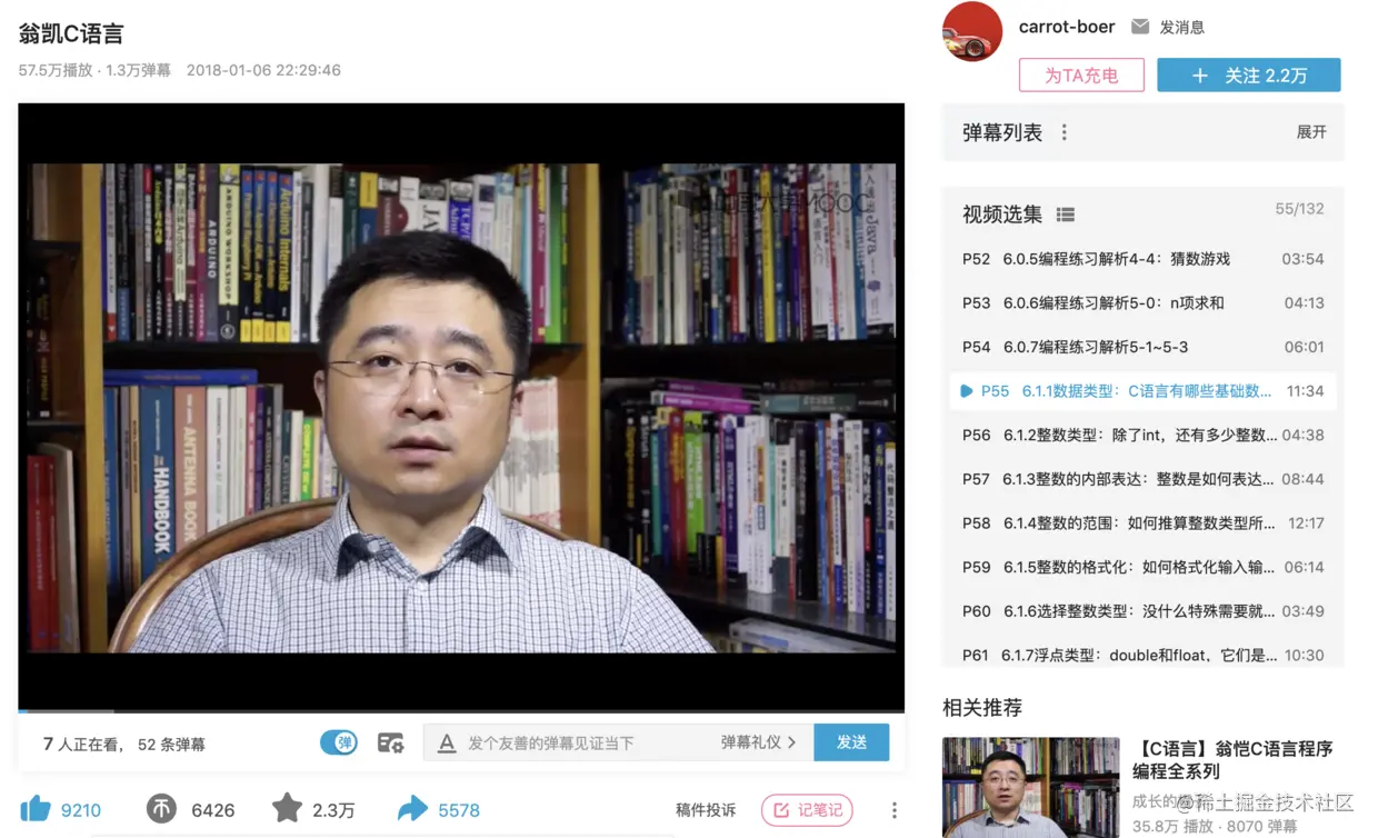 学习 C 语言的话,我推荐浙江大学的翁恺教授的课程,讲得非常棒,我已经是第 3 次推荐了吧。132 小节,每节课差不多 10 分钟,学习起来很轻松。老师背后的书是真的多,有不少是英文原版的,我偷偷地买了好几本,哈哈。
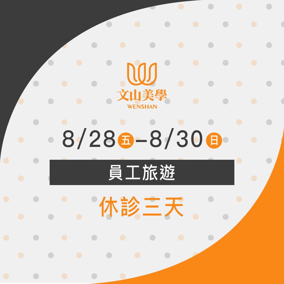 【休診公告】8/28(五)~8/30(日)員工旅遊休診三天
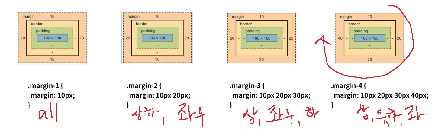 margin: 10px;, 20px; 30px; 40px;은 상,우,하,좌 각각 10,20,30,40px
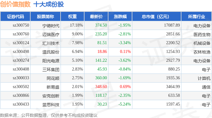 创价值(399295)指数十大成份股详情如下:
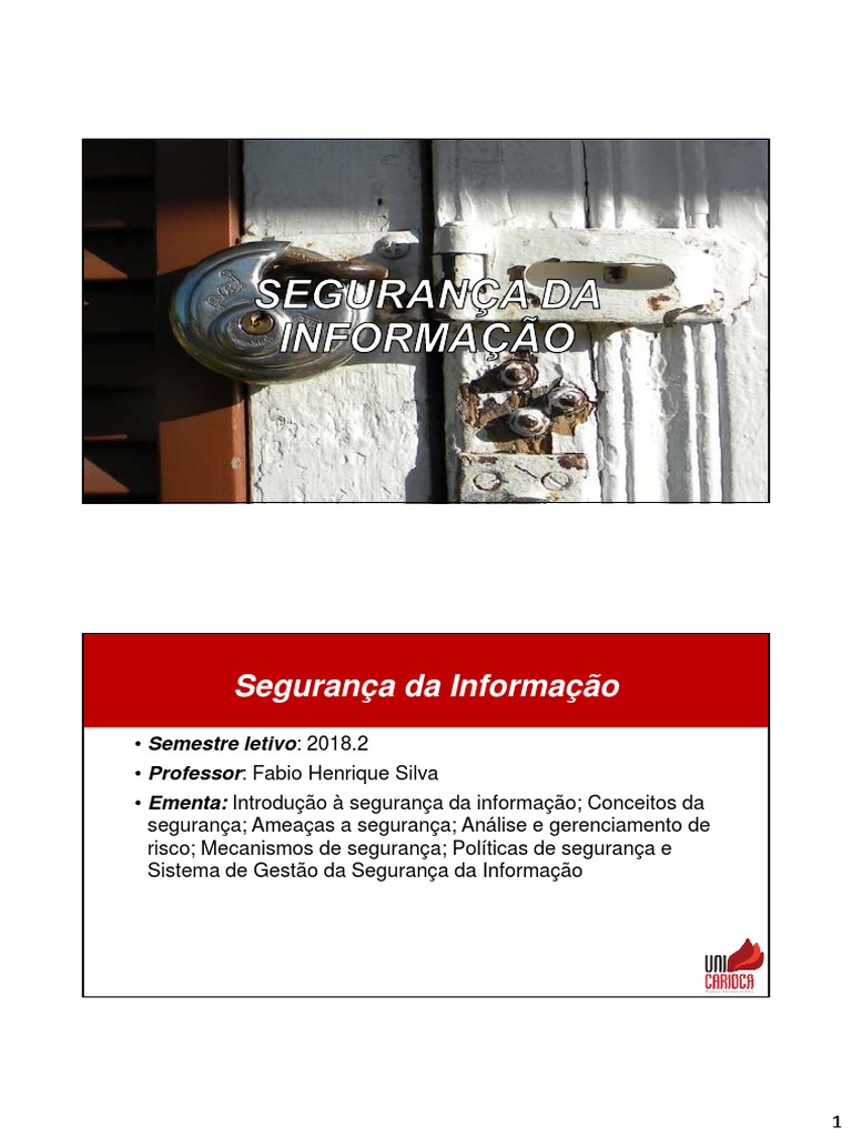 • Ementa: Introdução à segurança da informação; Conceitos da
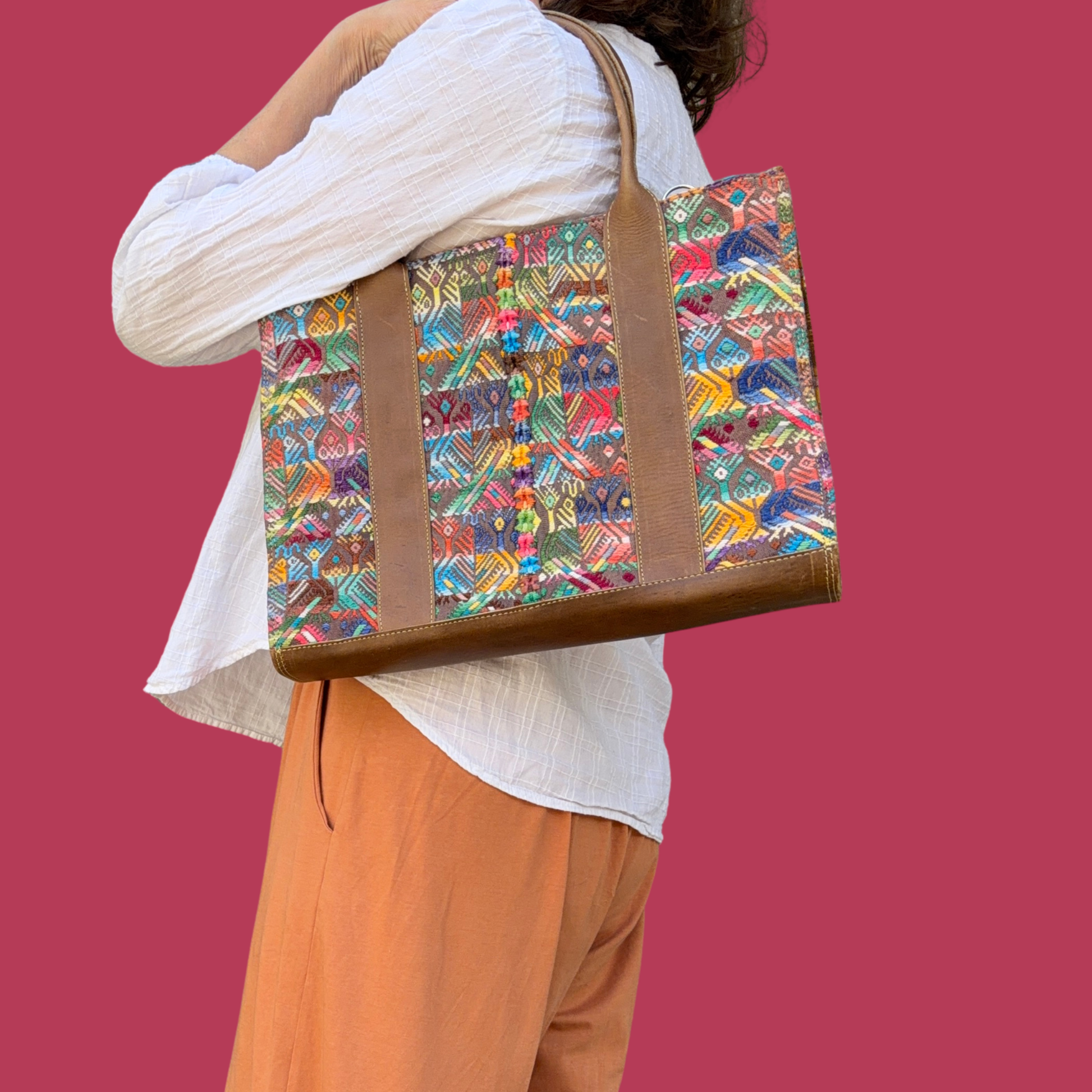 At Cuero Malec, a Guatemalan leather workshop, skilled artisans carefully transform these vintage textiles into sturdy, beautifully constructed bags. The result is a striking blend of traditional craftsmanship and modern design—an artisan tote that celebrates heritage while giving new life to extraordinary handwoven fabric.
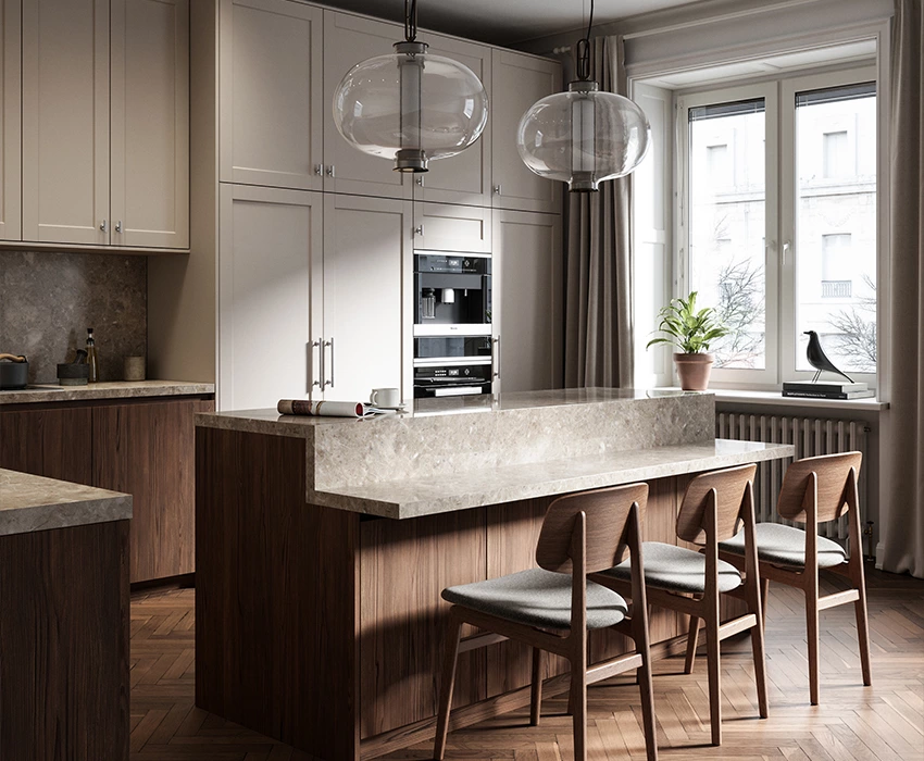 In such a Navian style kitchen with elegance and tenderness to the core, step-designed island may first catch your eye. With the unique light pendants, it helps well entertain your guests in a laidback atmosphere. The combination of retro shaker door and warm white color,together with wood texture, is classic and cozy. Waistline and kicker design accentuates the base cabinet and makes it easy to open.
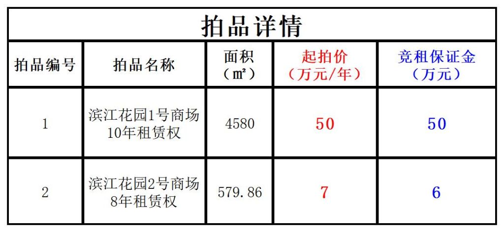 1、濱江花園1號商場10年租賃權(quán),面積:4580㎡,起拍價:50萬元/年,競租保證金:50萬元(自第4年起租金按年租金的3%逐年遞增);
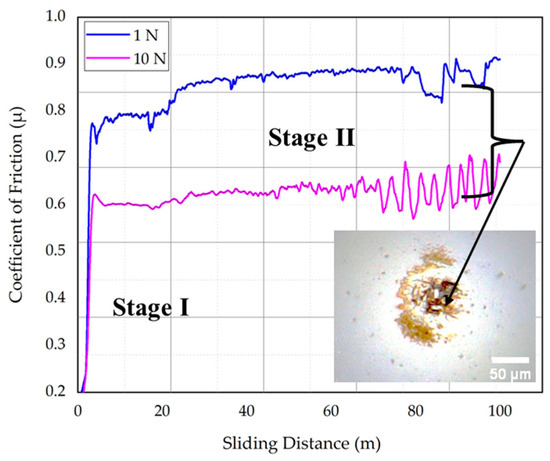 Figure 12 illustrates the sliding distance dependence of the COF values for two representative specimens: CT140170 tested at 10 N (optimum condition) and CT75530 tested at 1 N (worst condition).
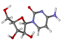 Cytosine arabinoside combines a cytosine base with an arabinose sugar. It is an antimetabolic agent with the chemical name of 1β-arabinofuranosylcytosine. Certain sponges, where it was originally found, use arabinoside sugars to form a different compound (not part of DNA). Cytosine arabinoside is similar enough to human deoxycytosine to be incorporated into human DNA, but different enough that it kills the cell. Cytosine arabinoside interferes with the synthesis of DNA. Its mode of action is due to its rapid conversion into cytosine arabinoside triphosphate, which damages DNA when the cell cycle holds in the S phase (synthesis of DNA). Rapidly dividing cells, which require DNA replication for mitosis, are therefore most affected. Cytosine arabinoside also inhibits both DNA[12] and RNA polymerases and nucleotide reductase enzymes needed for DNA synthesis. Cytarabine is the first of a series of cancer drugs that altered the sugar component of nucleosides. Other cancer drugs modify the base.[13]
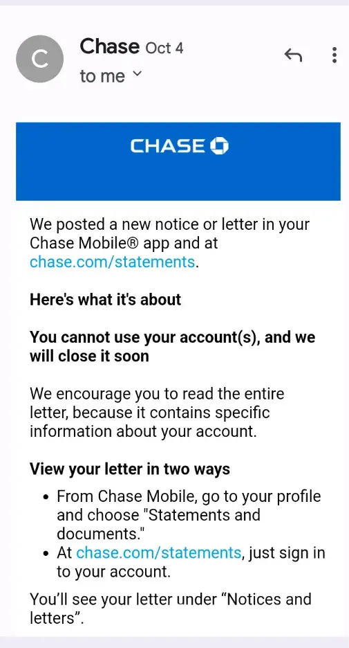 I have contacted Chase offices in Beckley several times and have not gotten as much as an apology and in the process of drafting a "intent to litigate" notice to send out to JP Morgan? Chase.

━━━━━━

**TASK TO CARRY OUT**:
Starting at the line containing "1、濱江花園1號商場10年租" and stopping at the line containing "Figure 12 illustrates", output every line above exactly, both ends included, with pictures omitted.

**SOLVED PROBLEM**:
 1、濱江花園1號商場10年租賃權(quán),面積:4580㎡,起拍價:50萬元/年,競租保證金:50萬元(自第4年起租金按年租金的3%逐年遞增);
 Figure 12 illustrates the sliding distance dependence of the COF values for two representative specimens: CT140170 tested at 10 N (optimum condition) and CT75530 tested at 1 N (worst condition).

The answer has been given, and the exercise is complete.